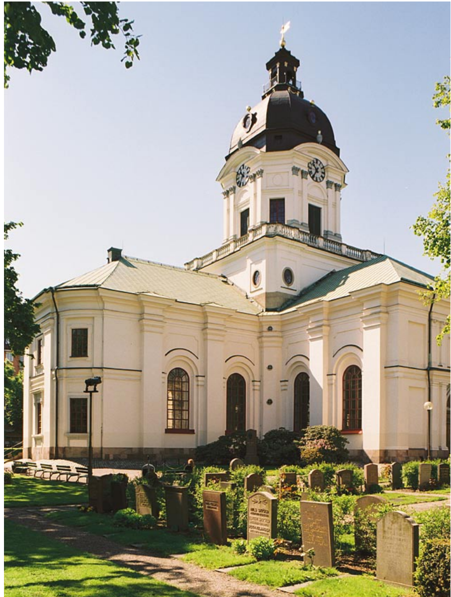
Adolf Fredriks kyrka från nordost. Kyrkogården har förminskats vid olika tillfällen. Idag ligger gravar i strikt formade kvarter till skillnad från 1800-talets mer slingrande gångar och rika vegetation. År 1864 planterades fyra lindalléer, 55 pyramidpopplar, 55 pilar, 465 syrener, 35 lärkgranar, 525 mindre träd och buskar, 8 pyramidalmar, 4 hängaskar, 170 törnrosor samt en berberishäck.

Kyrkans exteriör såg i stort sett ut som idag med ljusstutsade fasader, stramt klassicistiskt indelade av pilastrar och rundbågiga fönster. Huvudingången i väster markeras av en portal med
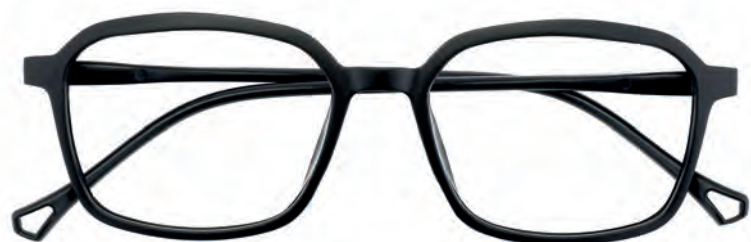
Mod. Silhouette nero
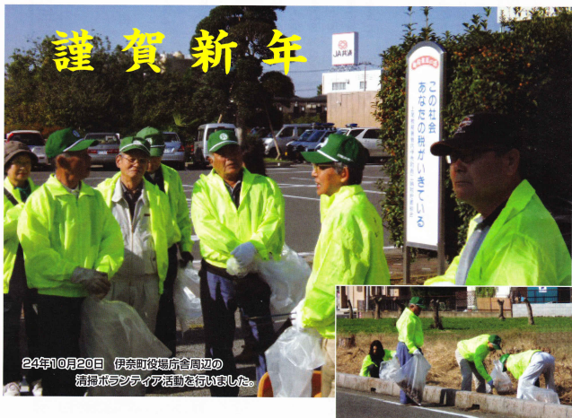
24年10月20日 伊奈町役場庁舎周辺の 清掃ボランティア活動を行いました。
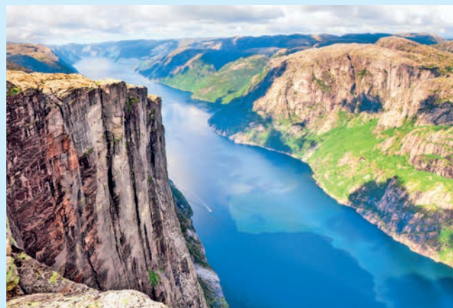
Вид на Люсе-фьорд и плато Кьёраг
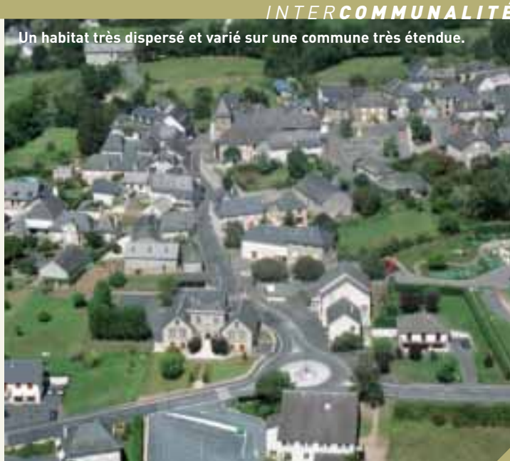
Un habitat très dispersé et varié sur une commune très étendue.

vrai restaurant scolaire, avec de la vraie purée », relève Gilbert Rouhaud. La commune ne manque pas de projets pour améliorer le cadre de vie de ses habitants : agrandissement de la salle polyvalente « qui tourne déjà à plein régime tous les week-ends », aménagement d'une maison en salle d'exposition et point lecture « avant d'envisager une bibliothèque », l'éclairage du parcours de santé... Un bien vivre, une qualité de vie qui passe aussi par la reconquête des chemins pédestres offrant de belles promenades. « Se sentir bien » est le leitmotiv de ce maire qui revendique fièrement ses racines. Avec un souci toutefois : « ne pas augmenter les impôts ». Pari encore tenu cette année. ● M.C.Malsoutte
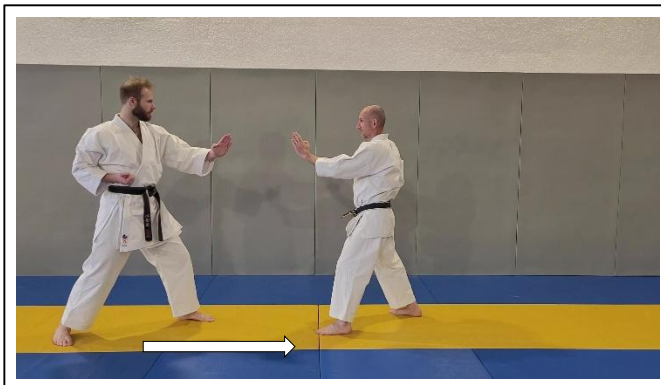
Avancer d'un grand pas JD... Migi ashi ayumi ashi
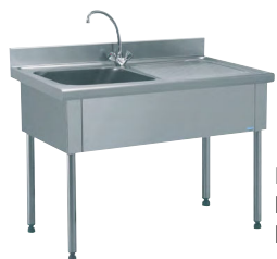
PLONGE STANDARD Réf : 816681 Dim. 1 400 x 700 x 900 mm
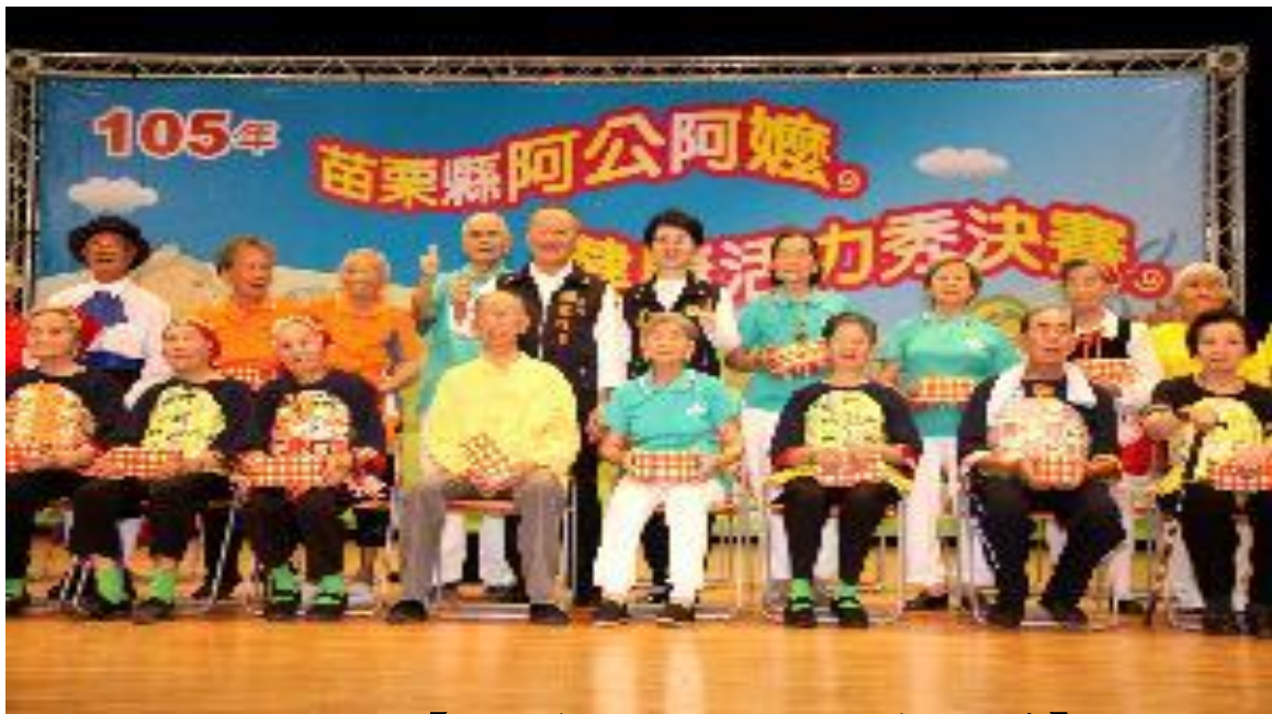
活動名稱：【苗栗縣 2016 阿公阿嬤健康活力秀】
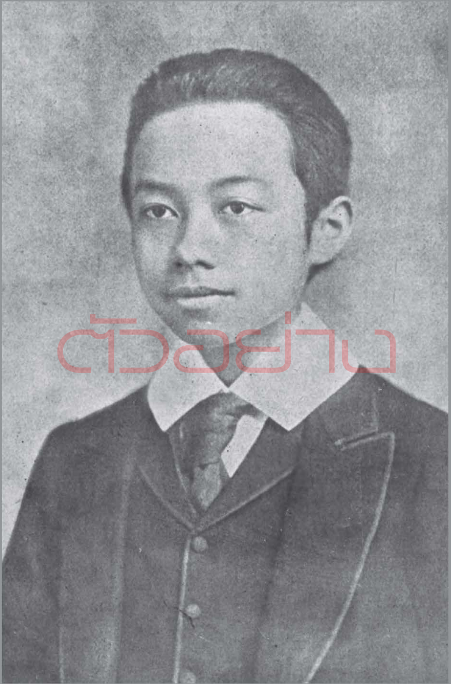
สมเด็จพระเจ้าฟ้าชายมหาวชิราวุธ
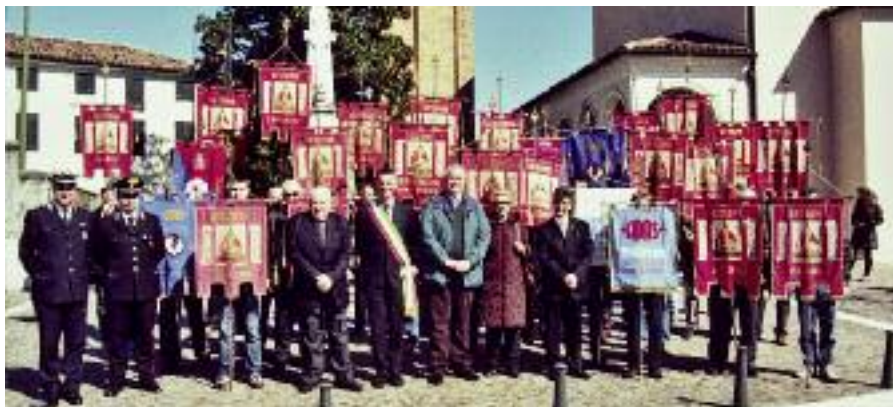
Autorità, dirigenti, soci e labari sezionali davanti al Monumento ai Caduti a Fratta di Caneva.

In attesa di festeggiare il prossimo anno i cinquant'anni di vita della Sezione, l'annuale Festa del Donatore, organizzata insieme alla locale Associazione Donatori Organi, ha fatto tappa domenica 20 marzo 2011 a Fratta dove sono giunti tanti donatori, simpaticizzanti e sezione consorelle. Si è inizia-
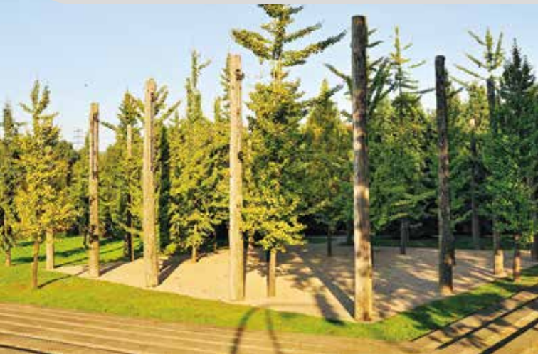
Gehölzgarten Ripshorst, Oberhausen
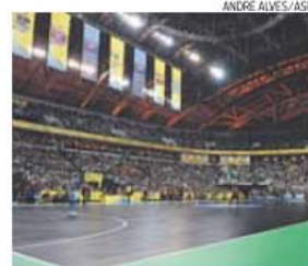
MEO Arena recebe hoje dois últimos jogos

«É isso, estar na final já diz tudo. Temos os nossos trunfos e queremos
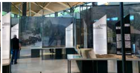
Historial du Hartmannswillerkopf (68)
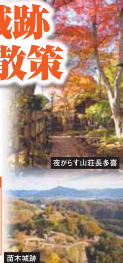
夜がらす山荘長多喜
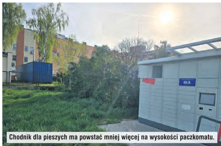
Chodnik dla pieszych ma powstać mniej więcej na wysokości paczkomatu.
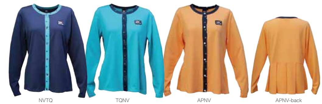
NVTQ TQNV APNV APNV-back

+--

* **Assignment**
Every line from the one that contains "Historial du Hartmannswillerkopf (68)" through the end of the records above is to be reproduced exactly; no picture goes in the copy.

* **Result for this exercise**
Historial du Hartmannswillerkopf (68)
夜がらす山荘長多喜
Chodnik dla pieszych ma powstać mniej więcej na wysokości paczkomatu.
NVTQ TQNV APNV APNV-back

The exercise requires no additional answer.